Paul L. Caron

Friday, February 24, 2006

NY Times: Deutsche Bank Seeks to Settle KPMG Tax Shelter Charges

Interesting article in today's New York Times, Deutsche Bank Said to Seek Settlement on Tax Shelters, by Lynnley Browning:

Deutsche Bank is in talks with the Justice Department in an effort to settle a criminal investigation over the bank's role in questionable tax shelters, people briefed on the case say. This month, a smaller German rival, the HVB Group, reached a nearly $30 million agreement with prosecutors while acknowledging "criminal wrongdoing" in helping to carry out fraudulent tax shelter transactions. [blogged here]

For Deutsche Bank, the path toward a settlement may be rockier, in part because it had a much larger role in the creation of some questionable tax shelters and the transactions underpinning them, investigators have said.
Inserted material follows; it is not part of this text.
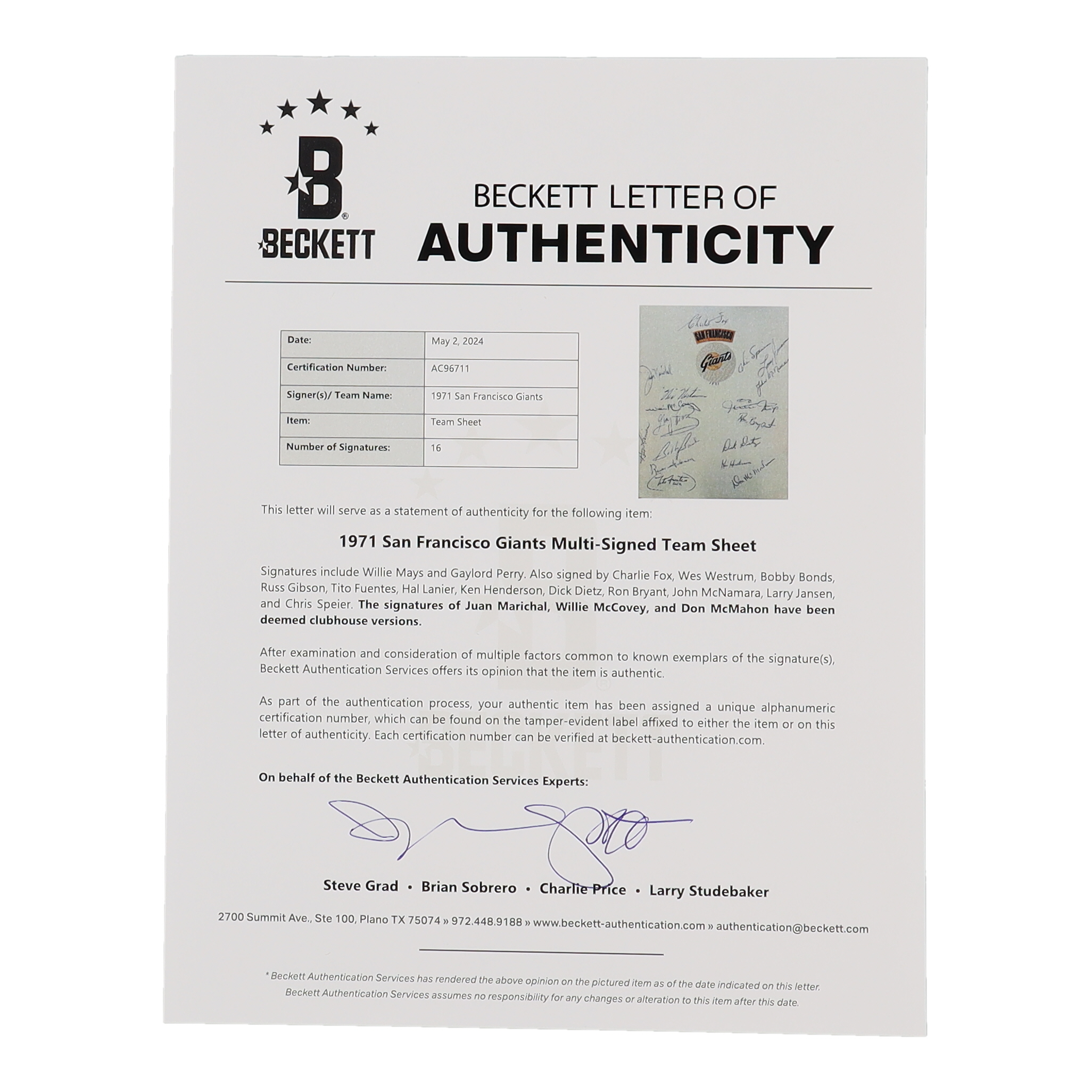 1971 San Francisco Giants Team sheet measures 8" x 10" in size. Hand-signed by Willie Mays, Gaylord Perry, Charlie Fox, Wes Westrum, Bobby Bonds, Russ Gibson, Tito Fuentes, Hal Lanier, Ken Henderson, Dick Dietz, Ron Bryant, John McNamara, Larry Jansen, Chris Speier. Please note, the signatures of Juan Marichal, Willie McCovey & Don McMahon have been deemed clubhouse versions. Please refer to photos for more details on the condition of the item.

A potentially larger obstacle, say the people briefed on the case, is that Deutsche Bank appears unable to account for a number of those transactions....

The investigation of Deutsche Bank is the second major prong of a rapidly widening investigation into the accounting firms, law firms, banks and investment firms that worked together to sell sham shelters in recent years. Last August, KPMG, one of the nation's largest accounting firms, avoided a criminal indictment over four questionable shelters by reaching a $456 million deferred-prosecution deal with federal prosecutors in Manhattan.

A 2003 report by the Senate Permanent Subcommittee on Investigations [blogged here] directly quoted a March 2000 internal e-mail message from Jeffrey Eischeid, then a senior KPMG tax partner, in which Mr. Eischeid wrote that he could not describe Deutsche Bank's loans to investors for blips as "consistent with industry standards." Mr. Eischeid is one of 17 former KPMG employees who have been indicted on charges of defrauding the Internal Revenue Service. Their trial is scheduled to start in September. According to the Senate report, Deutsche Bank participated in 56 blips transactions in 1999 with KPMG and Presidio Advisors, an investment firm that the government contends in court filings is a promoter of abusive tax shelters. For the shelters, the bank provided loans to KPMG clients totaling $7.8 billion. It earned fees of $44 million for the loans and trades in the shelters.